In the copy, every line of the material that follows must appear exactly, and no pictures should.

Dataset content section start

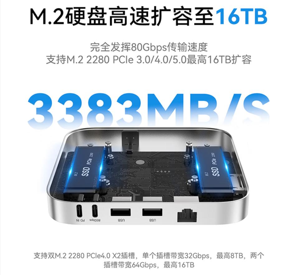 零刻Mate SE有两个M.2 2280 PCIe4.0硬盘位,单插槽带宽32Gbps,容量8TB。总带宽64Gbps,最大容量为16TB。
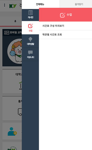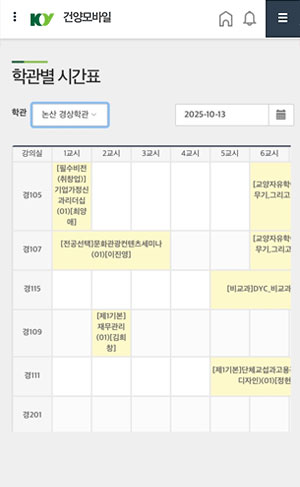 □ 경로 : 스마트키 로그인 > [건양모바일] 클릭 > 건양모바일 메뉴 > 수업 > 시간표 구성 미리보기, 학관별 시간표 조회
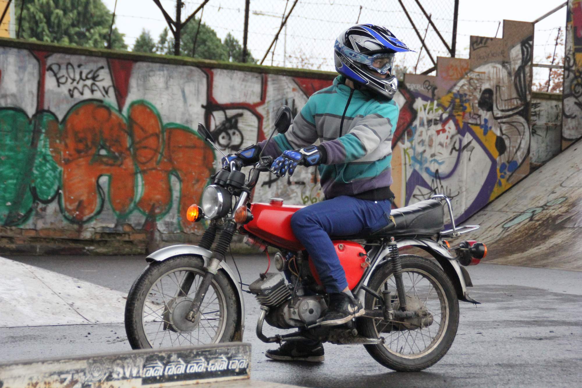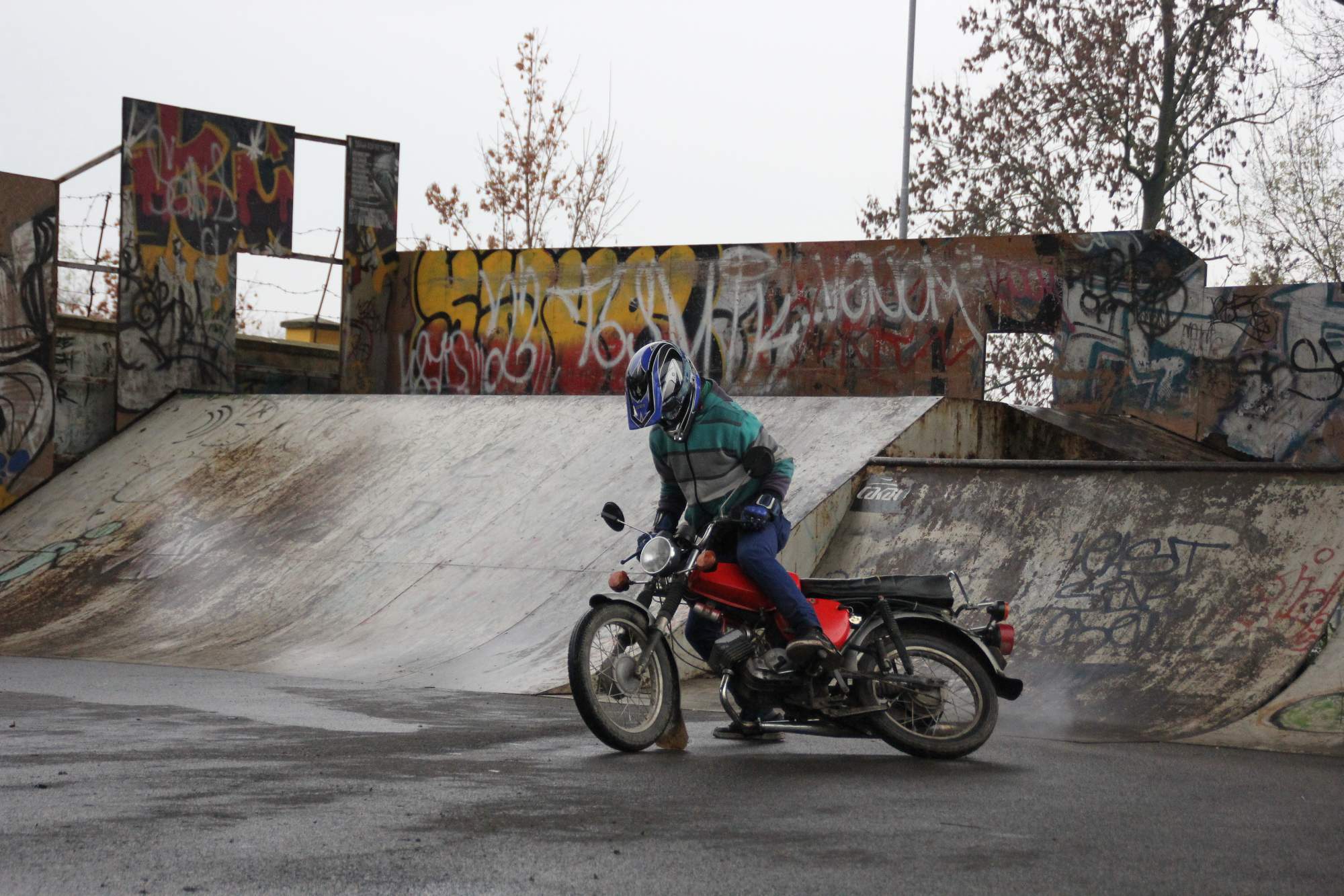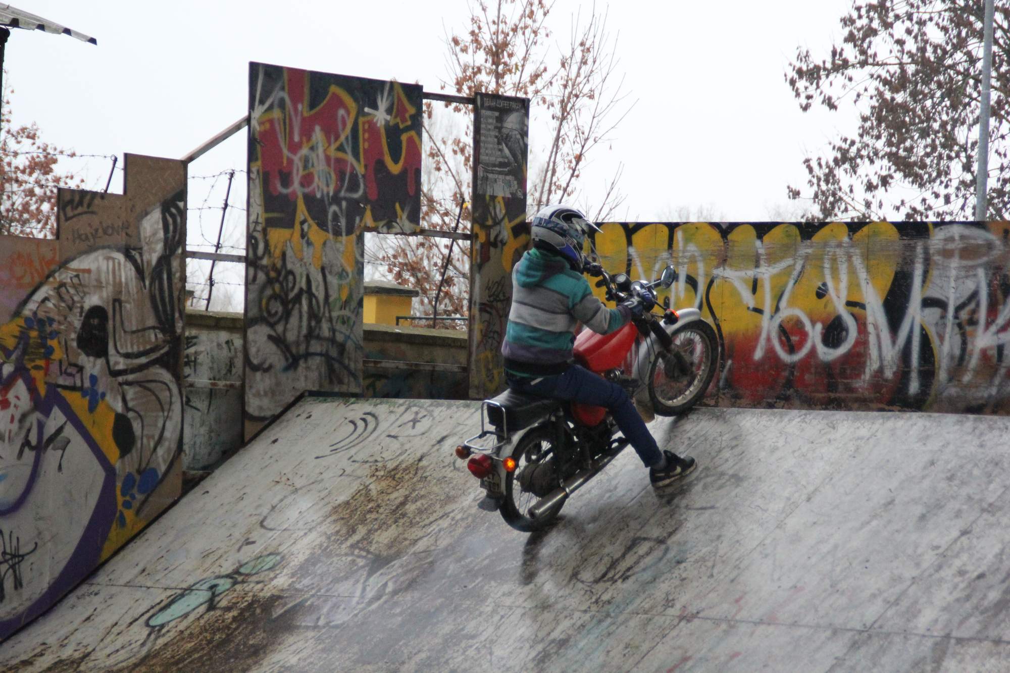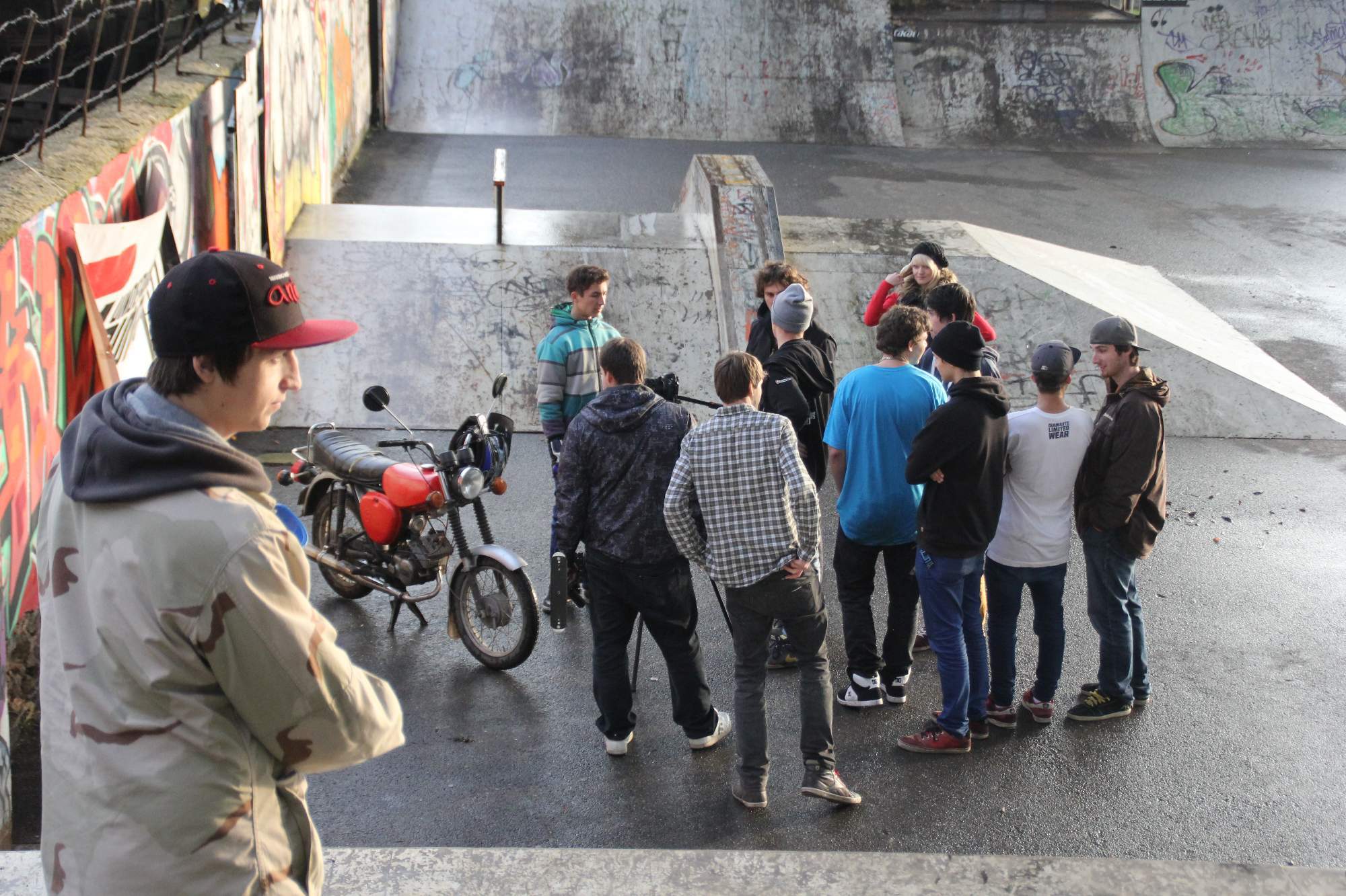 PRVNÍ DEN nám počasí vůbec nepřálo a celý den propršelo. Ráno jsem chtěl proto akci zrušit, ale vyhecoval mě Honza Vaněk, že lovosický grázlové navzdory počasí stejně přijedou a Tomáš Louthan, který řekl, že přiveze gril (který jsem nakonec vezl v autě skoro celý já v podobě cihel). Tak jsme se sešli v litoměřickém skateparku, všude bylo mokro, až na minirampu, která když je suchá, tak skoro nikoho nezajímá-chudák, ale jak nám byla dobrá v takovém počasí nekřesťanském. V prvním dni není ani tolik zajímavého ježdění, jelikož se vše dokola opakuje v prostorách rampy, ale spíše první část videa zdobí "jedna bejkárna za druhou". Hlavní perla dne byl SIMSON MOTORKÁŘ Michal a jeho zabijácká jízda.

Dataset content section end

◆ Your response
 零刻Mate SE有两个M.2 2280 PCIe4.0硬盘位,单插槽带宽32Gbps,容量8TB。总带宽64Gbps,最大容量为16TB。
 □ 경로 : 스마트키 로그인 > [건양모바일] 클릭 > 건양모바일 메뉴 > 수업 > 시간표 구성 미리보기, 학관별 시간표 조회
 PRVNÍ DEN nám počasí vůbec nepřálo a celý den propršelo. Ráno jsem chtěl proto akci zrušit, ale vyhecoval mě Honza Vaněk, že lovosický grázlové navzdory počasí stejně přijedou a Tomáš Louthan, který řekl, že přiveze gril (který jsem nakonec vezl v autě skoro celý já v podobě cihel). Tak jsme se sešli v litoměřickém skateparku, všude bylo mokro, až na minirampu, která když je suchá, tak skoro nikoho nezajímá-chudák, ale jak nám byla dobrá v takovém počasí nekřesťanském. V prvním dni není ani tolik zajímavého ježdění, jelikož se vše dokola opakuje v prostorách rampy, ale spíše první část videa zdobí "jedna bejkárna za druhou". Hlavní perla dne byl SIMSON MOTORKÁŘ Michal a jeho zabijácká jízda.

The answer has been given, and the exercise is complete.